Help, help help. just give answers

Mathematics

2 answers:

Fynjy0 [20]3 years ago

5 0

To solve this problem, there are a couple things we need to do. First of all, we need to figure out how much more she's running every day. On day 1, she ran 3/16 of a mile. On day 2, she ran 3/8 of a mile. On day 3, she ran 9/16 of a mile.

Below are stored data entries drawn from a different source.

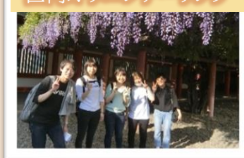
区内オリエンテーリング
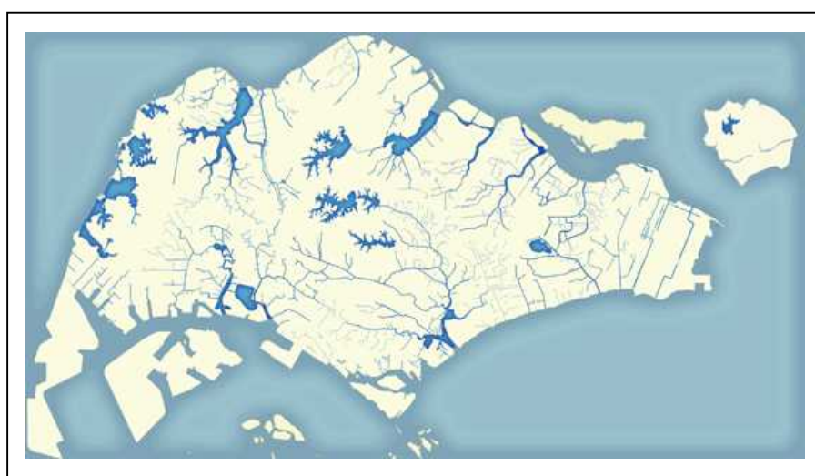
図表 1 「シンガポール国内の水源」

シンガポールは、年間降水量が約 2,400mm に達する多雨地域に位置するものの、国土が狭小であり、最も標高の高いブキティマ高地でも 163m しかない平坦な地形であるため保水能力が乏しく、水源として利用できるような大きな河川もない。他方、シンガポールは狭い国土に 500 万人余りが暮らす超過密都市であり、政府の積極的な産業誘致もあって水需要は増加の一途をたどっている。シンガポールでは、1965 年の独立以来、国内の水源だけでは全ての消費量を賄うことができないため、供給の一部を隣国のマレーシアからの輸入に依存してきた。しかしながら、水の安定的な供給は国家の命運に関わる問題であり、政府は、水源の開発や循環利用の推進に積極的に取り組んでいる。
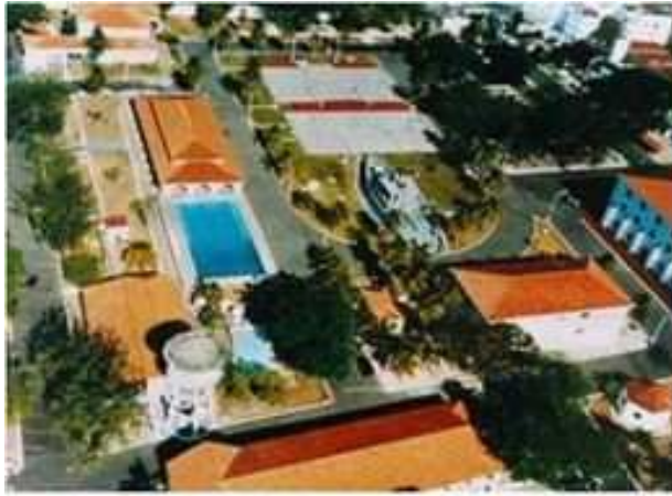
Escola de Aprendizes-Marinheiros da Ceará
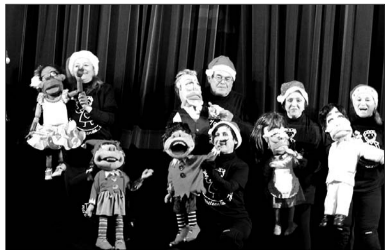
Grupo de marionetas llegado desde Jaén.
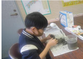
紙粘土で人形作り

今年度は中学生 2 名が卒業し、13 名でのスタートです（通室の継続希望の確認を学校よりしていただきます）。卒業生の 1 名は、あじさいルーム開設（令和 4 年 6 月）すぐに通室を申込み、学校との連携した支援で、完全不登校から別室登校、学校行事への参加を経て学校復帰に至り、希望を持って卒業しました。また、訪問支援を行っている中学生 2 名は、4 月になったら登校するために生活リズムを変えようとして取り組んでいます。新しい環境で新しいスタートを切るこの 4 月、子供たちの一歩前に進む姿を楽しみにしています。

How much are we adding each time? To find that out, we need all of our fractions to have the same denominator so we can compare. Let's give 3/8 a denominator of 16. 8*2=16. What you do on one side of the fraction bar, you MUST do to the other: 3*2=6. So, 3/8 = 6/16.

Day 1: 3/16. Day 2: 6/16. Day 3: 9/16. Now do you see the pattern? Every day, she runs 3/16 of a mile more. That's the answer to part 1: 3/16.

So, how long will it take her to get over 1 mile? Let's continue. Day 3: 9/16. Day 4: 9+3=12, so that's 12/16. Day 5: 15/16. Day 6: 18/16! Since the numerator is bigger than the denominator, guess what? That's more than one mile!! So on the 6th time she runs, she ran 18/16 miles. Keep in mind that 18/16 = 9/8 = 1 1/8 miles.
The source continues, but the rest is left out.